How gay rights groups won
Voters in Minnesota rejected earlier this month, by a 51 to 48 percent margin, a state constitutional amendment defining marriage as being between one man and one woman. Ballot measures instituting same-sex “marriage” passed that same day in Maine, Maryland, and Washington state by similar margins. Homosexual advocates won these ballot battles by crafting a public relations campaign that presented gay “marriage” not as a matter of equal rights and government benefits but as a defense of love and commitment.
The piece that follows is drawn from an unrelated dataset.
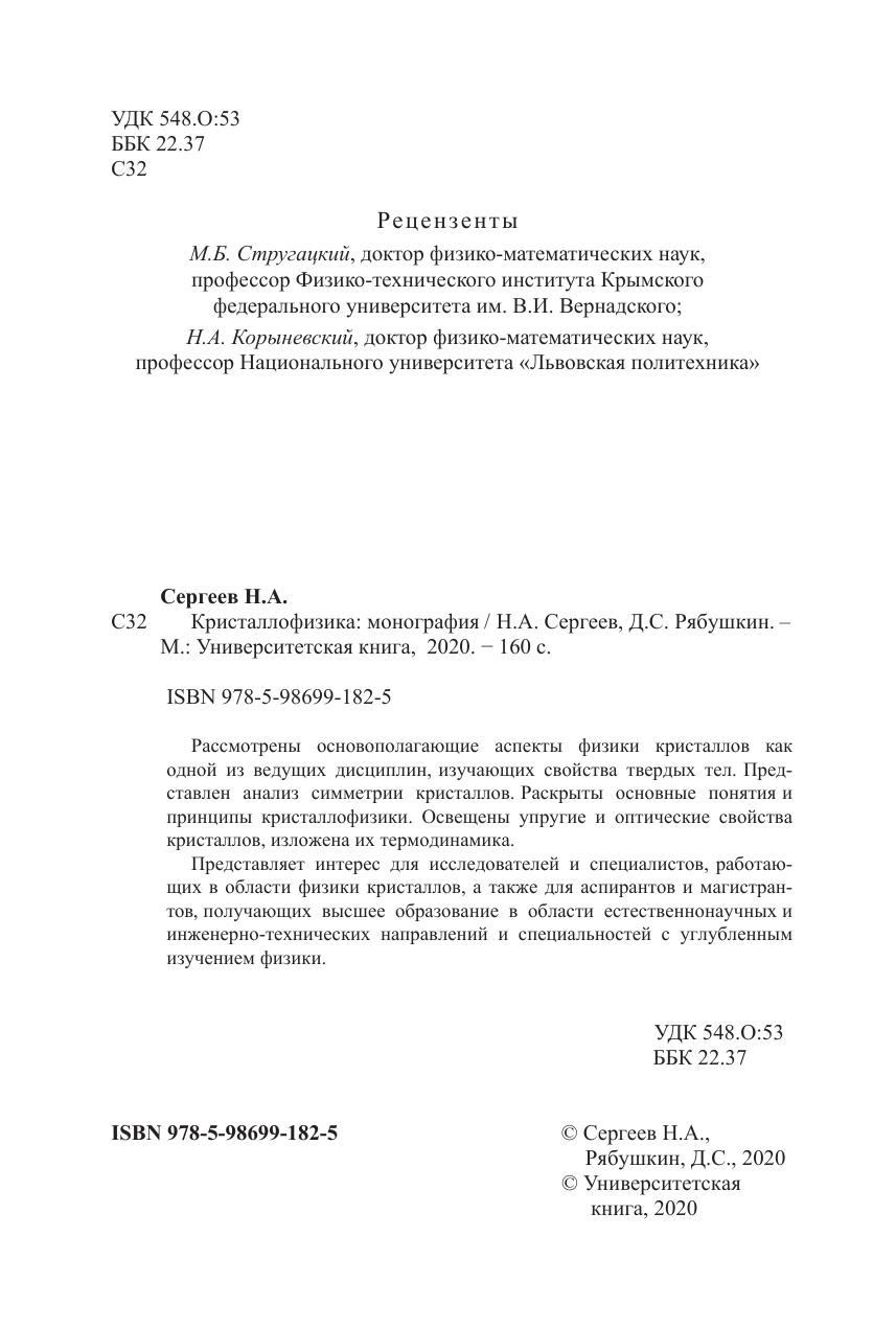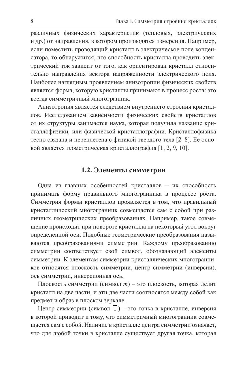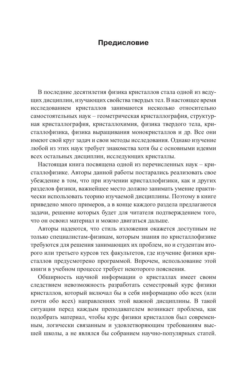 Рассмотрены основополагающие аспекты физики кристаллов как одной из ведущих дисциплин, изучающих свойства твердых тел. Представлен анализ симметрии кристаллов. Раскрыты основные понятия и принципы кристаллофизики. Освещены упругие и оптические свойства кристаллов, изложена их термодинамика. Представляет интерес для исследователей и специалистов, работающих в области физики кристаллов, а также для аспирантов и магистрантов, получающих высшее образование в области естественнонаучных и инженерно-технических направлений и специальностей с углубленным изучением физики.
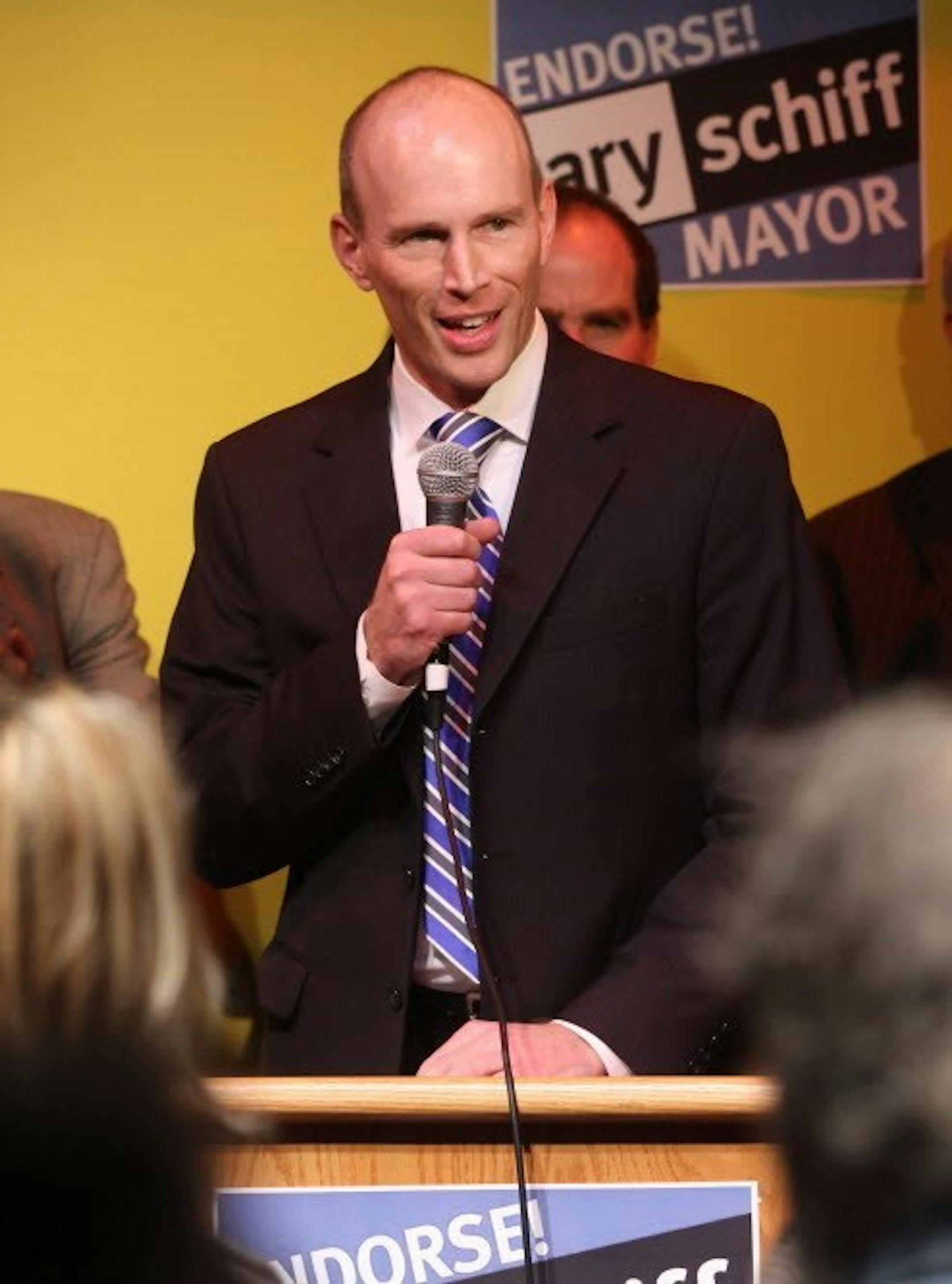 Photo: Schiff announcing his mayoral bid this January (Bruce Bisping)

As Nathanial Frank of Slate wrote, opponents of same-sex “marriage” in 2008 in California and in 2009 in Maine relied on the work of political consultant Frank Shubert to gain referenda victories. Shubert, who also acted as a consultant on the four 2012 state referenda, had “created a deadly ad campaign that played on lingering fears that gay equality threatens kids.” Shubert’s advertisements showed a schoolgirl “cheerfully” announcing after returning home that “she learned in school … that a prince can marry a prince, and she can marry a princess!”
Frank wrote that the gay movement countered such messages in 2012 by “using one of the most sophisticated issue campaign operations ever deployed.” Central to this operation was Freedom to Marry, a group founded in 2003 that analyzed the previous poor tactics of gay advocates, who “had framed their arguments in terms of equal rights and government benefits, often using rhetoric that was confrontational … and demanding.” Given “anti-gay stereotypes,” homosexuals appeared to want “marriage for selfish reasons” and not “to express love and commitment.”
The response in 2011 was the Why Marriage Matters campaign with its masthead message of “love, commitment, family,” and, as Frank noted, “no mention of rights or benefits.” Frank judged this campaign as looking “like any garden-variety public education campaign, a little vague, a little sappy,” yet the “message was the result of several years and millions of dollars of research.” (Moreover, such expenditures continued when same-sex “marriage” advocates outspent proponents of traditional marriage by at least 4-to-1 in this year’s four state referenda campaigns.)
Freedom to Marry’s director of public engagement, Thalia Zapatos, confronted another concern revealed in polling data and promoted in Shubert’s ads, namely that “schools could usurp the role of parents in teaching pro-gay values.” In response, Freedom to Marry and others developed ads with a message, in the words of Frank, that parents “teach their kids values at home.” The takeaway from ads such as one showing a schoolteacher mother talking with her husband about values instruction at home was, “No one would force parents into uncomfortable conversations when their own child returned home from school.”
Frank concluded that winning support for same-sex “marriage” is “about having the right message and imparting it with patience and labor.” This includes “granular information” about different electoral demographics. Research data showed groups like Freedom to Marry that the elderly, for example, “might respond better to older messengers; pet owners might respond better to in-person conversations than to mailings.”